Recent scholarship suggests that Sheikh Chilli of Thanesar may have been a teacher in the madrassa there. In the Mughal Empire, madrassas were a place of study for the Islamic clergy or ulema preparing for civil or judicial service. Building madrassas next to the tomb of the founder or scholar who taught there was an established practice in India at the time, as it was elsewhere. Parihar's research has focused on the courtyard and rooms that form the madrassa next to Sheikh Chilli's Tomb.

Safvi writes that it is plausible that the madrassa at Thanesar was established by Dara Shikoh to promote the Qadriya order, because the Chishti order was so dominant there.

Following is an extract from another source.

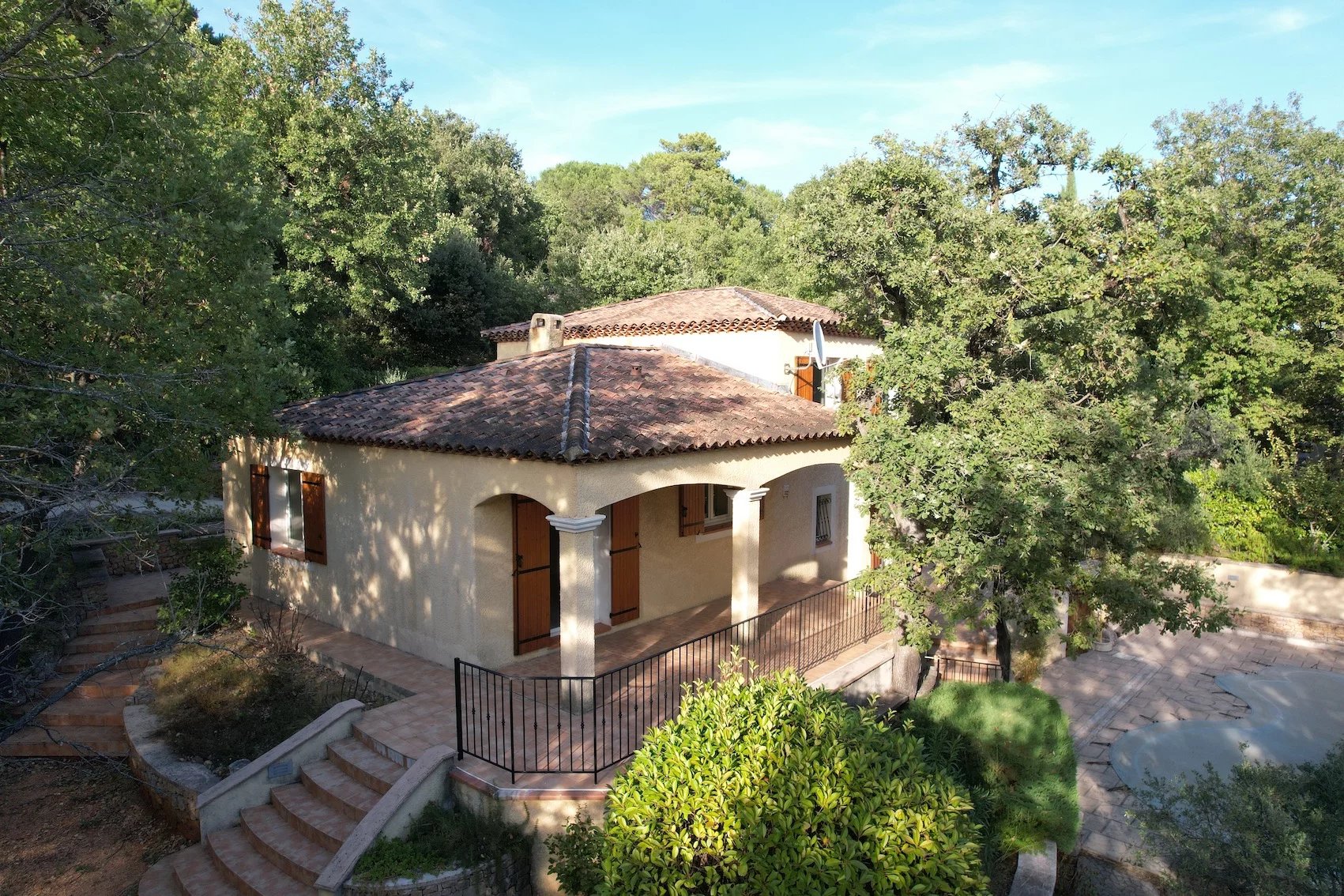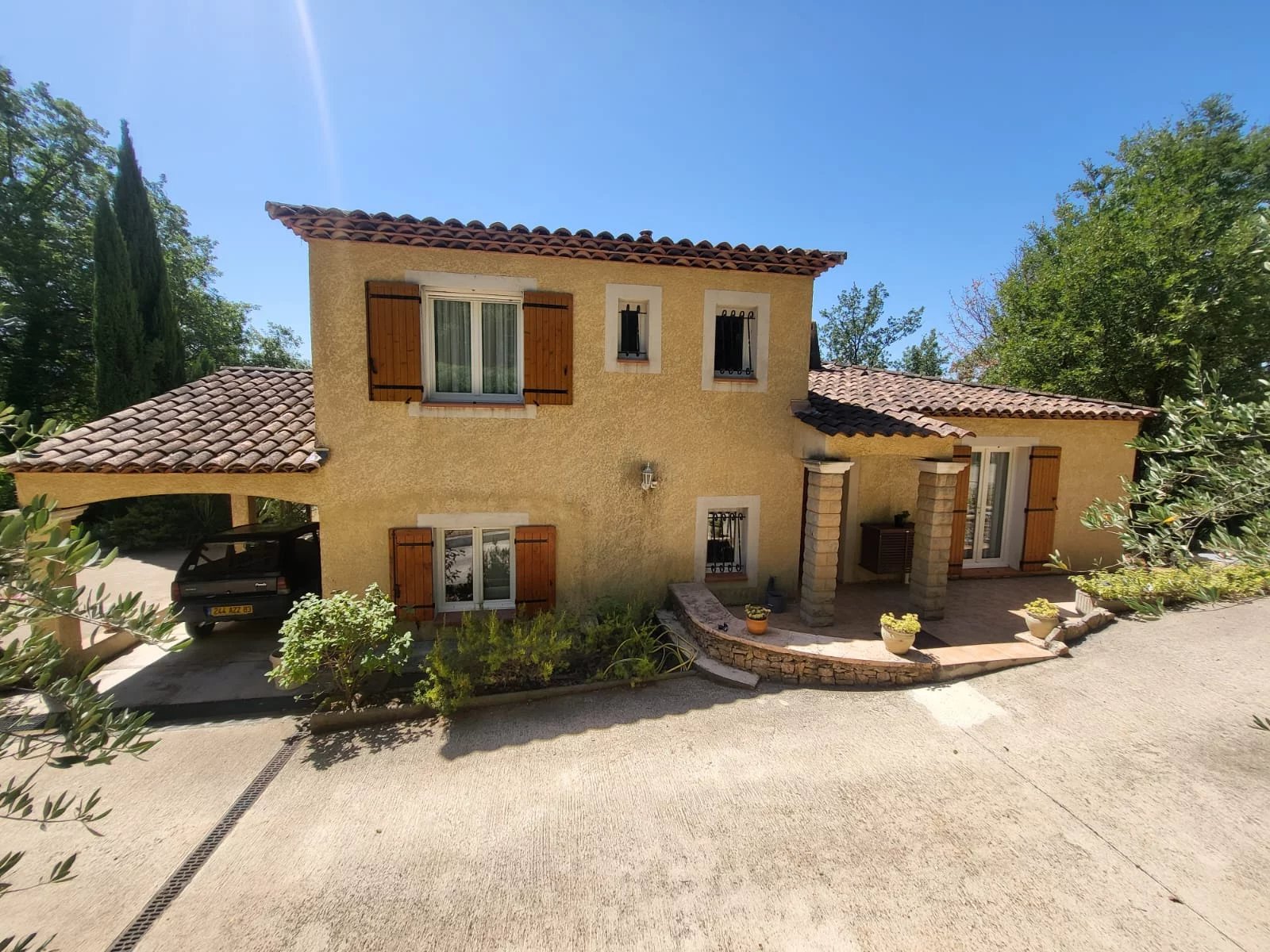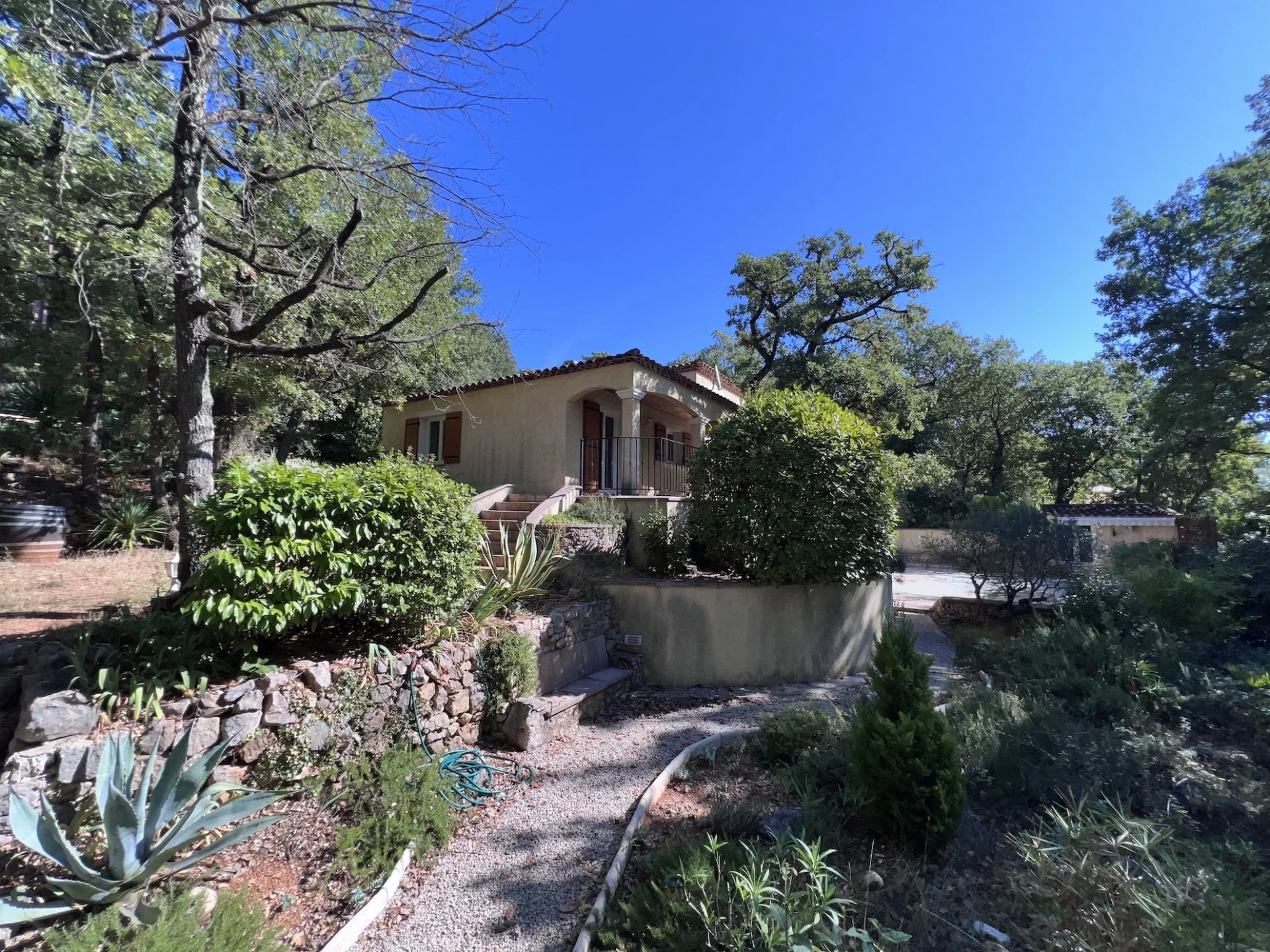 HOUSE - 5 MINUTES FROM BRIGNOLES, 45 minutes from the seaside, Toulon, Hyères and the Gorges du Verdon, in the heart of Green Provence, close to all amenities, primary schools, college... located in a quiet residential area, pleasant Provençal house set on fenced wooded plot 1 400 sqm planted with Mediterranean trees. Nice pool with its terraces, pool house. Entrance, comfortable living / dining room with chimney, large terrace on the south partly shaded, open furnished kitchen, storage room / laundry room, 2 bedrooms, shower room and toilet. Upstairs : 3 bedrooms, bathroom with toilet. Carport for 2 cars, garden shed, air conditioning, fiber, city water, mains drainage... In good condition, perfect exposition on the south, the house is light and pleasant to live in. Excellent rental income possible for seasonal rental. Quiet, privacy, it will be a peaceful place for holidays or in permanent residence. Information on the risks to which this property is exposed is available on the Géorisks website: georisks.gouv.fr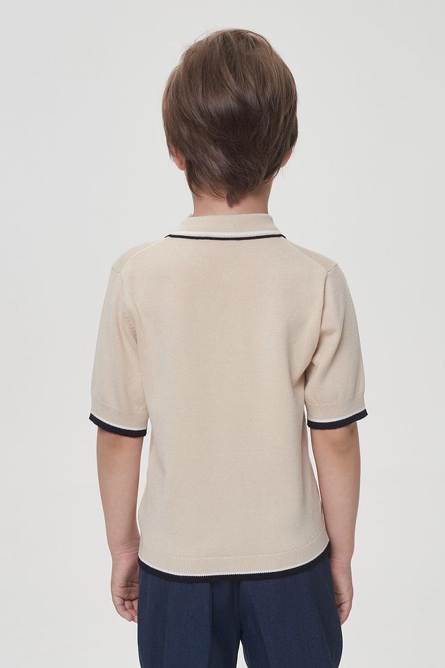 • Элегантный дизайн: Бежевое поло для мальчика украшено контрастными горизонтальными полосками белого и чёрного цветов. Воротник-поло и короткие рукава создают классический вид, а молния добавляет практичности и современного шика в повседневную одежду.

== Personal life and legacy ==
Sheikh Chilli of Thanesar was likely married. A second tomb next to the main tomb of Sheikh Chilli is often identified as his wife's. Made of red sandstone, it has a marble dome and carvings of a floral design. However, Parihar writes that there actually are two graves within the main tomb of Sheikh Chilli, one of which likely belongs to his wife, and that the second tomb is probably for another scholar and his wife.

As of 1883, the madrassa next to the tomb was the was still in use as a school for Muslim and Hindu children learning Punjabi and Persian. As of 2019, Sheikh Chilli's Tomb remains one of the monuments managed by the Archaeological Survey of India.